MAINTENANCE SUGGESTIONS FOR TODAY
PRE: WARM UP FLOW, THORACIC SPINE RELEASE
POST: HIPS 2.0, SHOULDERS FLOW


PROGRAM A

PROGRAM A

WARM UP
PULL UP WARM UP
SHOULDER WARM UP

WORKOUT

Part 1

7 Min AMRAP
(As Many Rounds and Reps as Possible in 7 Min)


7 Pull Ups / Bent Over Rows
7 DB Push Press

Strict Pull Up Option: 4-6 Strict Pull Ups per Round

Rest 3 Minutes Before Part 2

Part 2

7 Min AMRAP
(As Many Rounds and Reps as Possible in 7 Min)


7 Toes to Bar / Single DB Supine Toe Touches
7 KB/DB Swings

Suggested Weight Men: 40# DBs / 40-55# KB
Suggested Weight Women: 25# DBs / 25-35# KB

Extra Challenge Men: 50# DBs / 10 Reps of All Movements
Extra Challenge Women: 35# DBs / 10 Reps of All Movements

Score 1: Total Number of Completed Rounds + any AddItional Reps
Score 2: Total Number of Completed Rounds + any Additional Reps

Goal Part 1: 6-9 Rounds
Goal Part 2: 6-9 Rounds

COACHES NOTES
Make sure you warm up those shoulders a lot today, there is a lot of pulling and pushing in this one. The goal for each part is to complete a round every :50-1:20. Choose a variation on the pull up, you can complete 7 reps in 1-2 sets the whole way through. Choose a load on the push presses you can go unbroken most, if not all the way. Try not to sprint out of the gate on this one, the shoulders fatigue fast so it's better to pick a smooth pace that won't drop off too much by the end.

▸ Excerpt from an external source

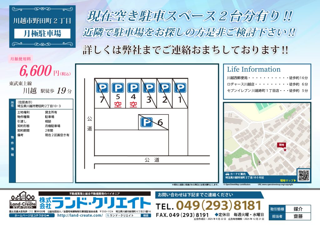 野田町月極駐車場★現在空き2台有り★ 賃料 6,600円 駐車場 所在地 埼玉県川越市 野田町2-10-3 交通 東武東上線 川越駅 徒歩19分 面積 駐車場 物件番号 100136068222 設備・条件 物件の詳細を見る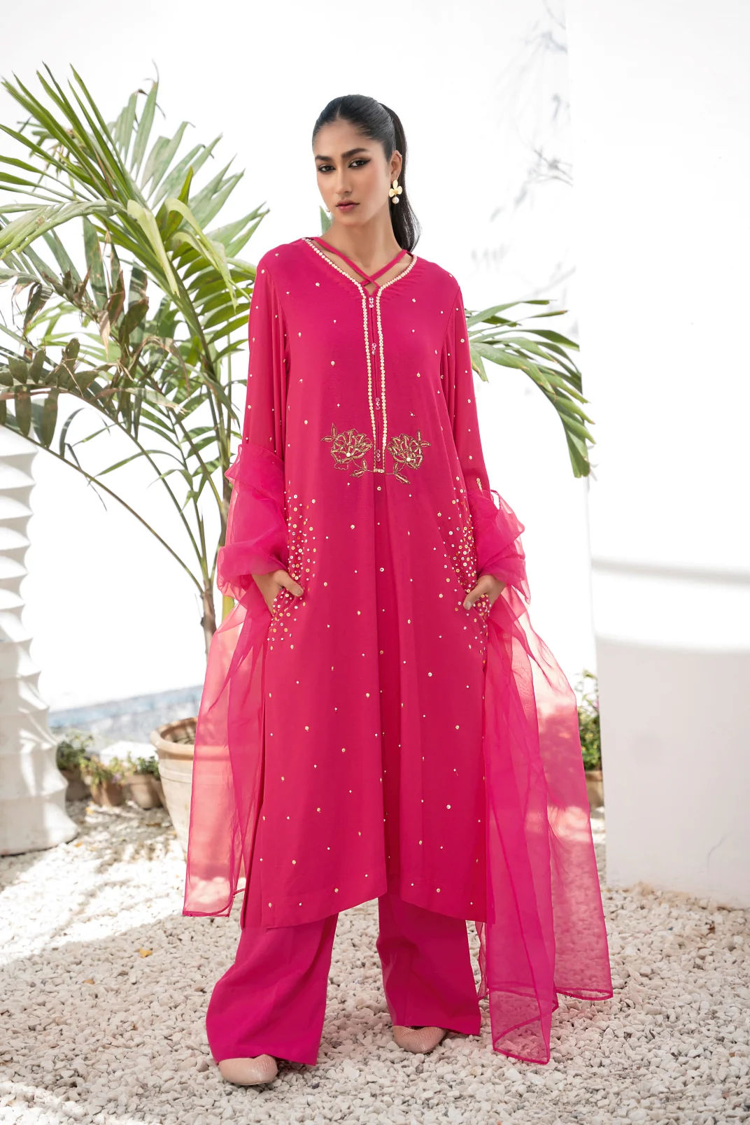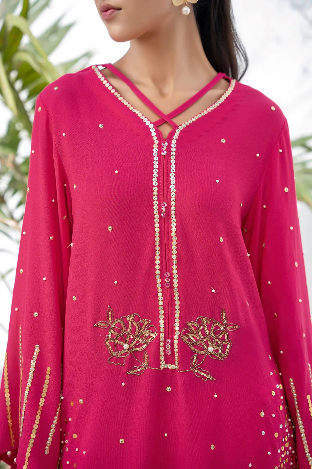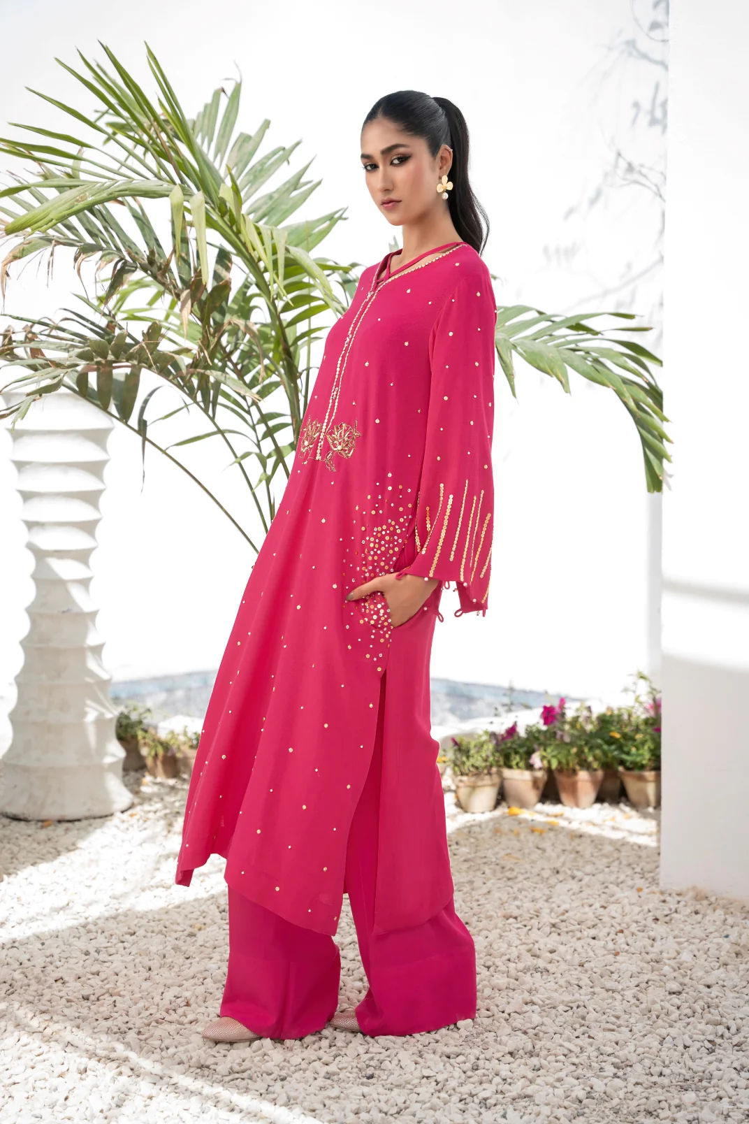 Melia'24: The ensemble features fuchsia pink pure crepe georgette long tunic with plain organza dupatta. Tunic embellished with sequins bugle beads and crystals hand embroidery all over. Embroidered slit sleeves and pockets. Paired up with matching coloured culottes to create an elegant and classic look.

Break up the toes to bar early. Your grip will be affected by part 1 and by the kettlebell swings. Choose a variation that you can complete 7 reps in under :40 the whole time. Dig deep and hold on during the swings, they should be unbroken the whole way!

PULL UPS
You have the option of strict, kipping, butterfly pull ups, or choose one of the customizations below. Grip the bar a little wider than shoulder width. Fire up the lats by drawing the shoulders down away from the ears. Keep the belly tight. Make sure that you start all the way at the bottom and either get the chin over or pull the chest all the way up at the top! If you choose to use a band, stay in control and avoid the bounce out of the bottom.

CUSTOMIZATIONS
TRX/Ring Row
Supine Row
Bent Over Row
Banded Pull Ups

DUMBBELL PUSH PRESS
Hold a dumbbell in each hand at the shoulders. Feet are between hip and shoulder width apart. Chest up. Belly tight. Keep your heels down, let your knees track forward as you dip your hip. Chest stays lifted. Stand up fast. As the DBs pop up off the shoulders, press straight up to lock out.

Finish with biceps by the ears. Standing tall. Locked out elbows. Belly tight.

CUSTOMIZATIONS
Lighter weight

TOES TO BAR
Start hanging from the bar with hands slightly wider than shoulders, shoulders drawn down away from your ears and arms straight. Think about pushing the bar out in front of you so your shoulders travel back behind the bar as you raise your toes up to touch bar between your hands. Make sure you keep that active shoulder position as you lower your feet back down and behind you.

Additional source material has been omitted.